Top of Source material

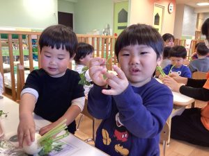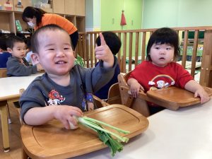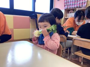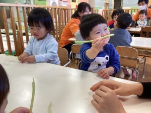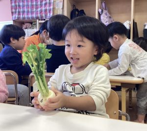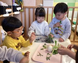 保育士のお話しを聞いてから、カブと七草に触れてみました🙌
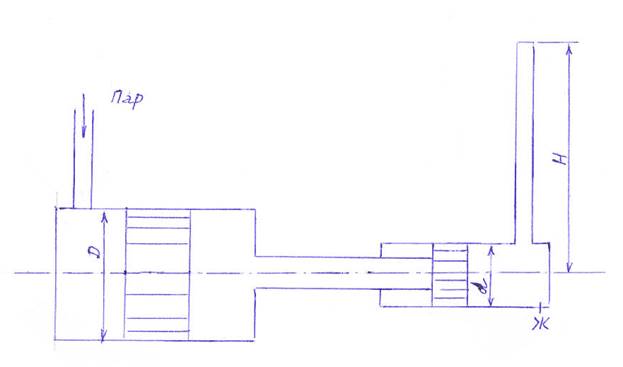 Паровой прямодействующий насос подает жидкость Ж на высоту Н. Каково рабочее давление пара, если диаметр парового цилиндра D, а насосного цилиндра d ? Потерями на трение пренебречь.
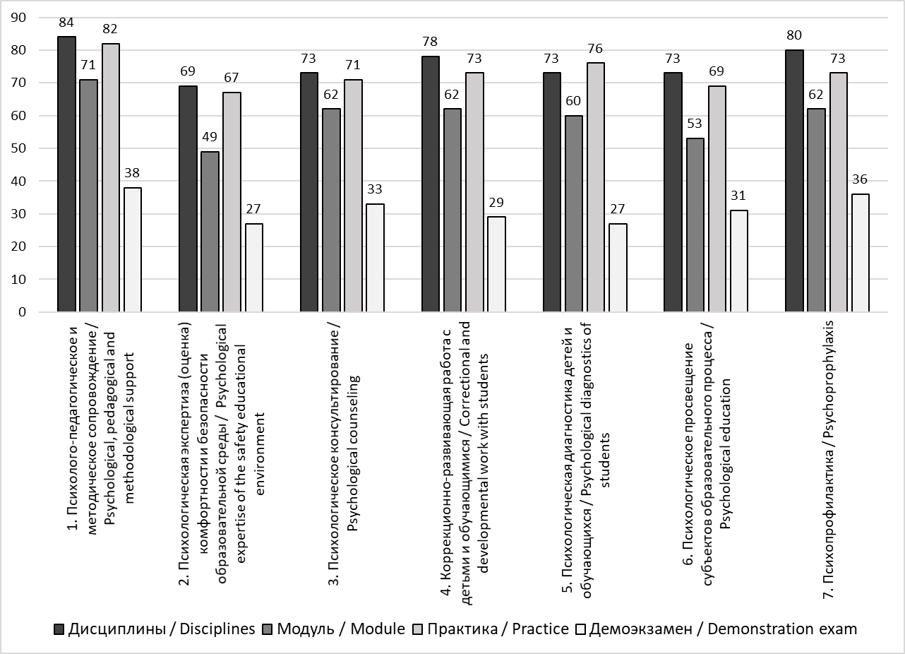 В целом подготовка педагога-психолога в педагогических университетах осуществляется по семи трудовым функциям профессионального стандарта педагога-психолога (психолога в сфере образования) (Об утверждении…, 2015) в процессе изучения дисциплин, профессионально-ориентированных модулей, практик (рис.). Треть педагогических университетов уже включили в процесс подготовки педагогов-психологов демонстрационный экзамен по трудовым функциям.
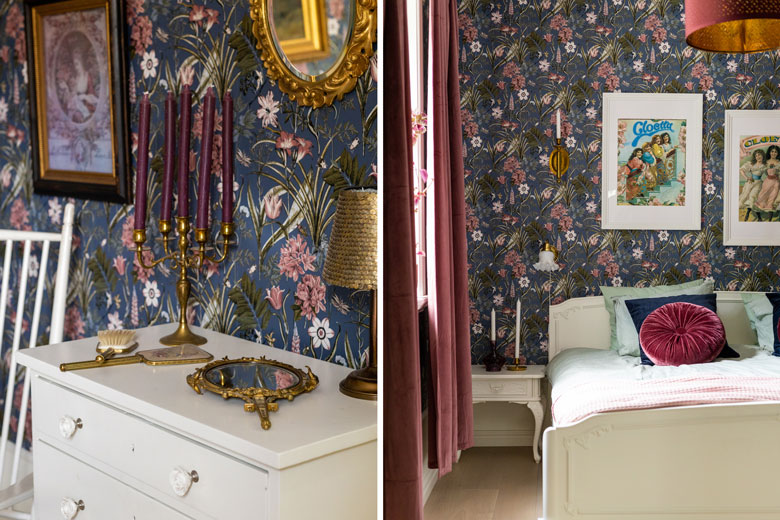 “Mycket inspiration får vi från Pinterest, där har jag hittat många olika idéer. Inspirationen till gästrummet kommer från hotell som Pigalle och Dorsia. Vi har inrett rummet med loppisfynd och saker från våra mor- och farföräldrar för att skapa en viss stil. Jag fick välja en tapet som jag fastnade för, det kändes kul att våga ta något udda som vi inte skulle ha valt i något annat rum. Liza är dock inte helt nöjd med resultatet. Hon säger att hon kanske tapetserar om någon dag när jag inte är hemma”, säger Rasmus och skrattar.

Bottom of Source material

Exercise details -> Your answer should set down the listing verbatim and leave out its images.

Response ->
 保育士のお話しを聞いてから、カブと七草に触れてみました🙌
 Паровой прямодействующий насос подает жидкость Ж на высоту Н. Каково рабочее давление пара, если диаметр парового цилиндра D, а насосного цилиндра d ? Потерями на трение пренебречь.
 В целом подготовка педагога-психолога в педагогических университетах осуществляется по семи трудовым функциям профессионального стандарта педагога-психолога (психолога в сфере образования) (Об утверждении…, 2015) в процессе изучения дисциплин, профессионально-ориентированных модулей, практик (рис.). Треть педагогических университетов уже включили в процесс подготовки педагогов-психологов демонстрационный экзамен по трудовым функциям.
 “Mycket inspiration får vi från Pinterest, där har jag hittat många olika idéer. Inspirationen till gästrummet kommer från hotell som Pigalle och Dorsia. Vi har inrett rummet med loppisfynd och saker från våra mor- och farföräldrar för att skapa en viss stil. Jag fick välja en tapet som jag fastnade för, det kändes kul att våga ta något udda som vi inte skulle ha valt i något annat rum. Liza är dock inte helt nöjd med resultatet. Hon säger att hon kanske tapetserar om någon dag när jag inte är hemma”, säger Rasmus och skrattar.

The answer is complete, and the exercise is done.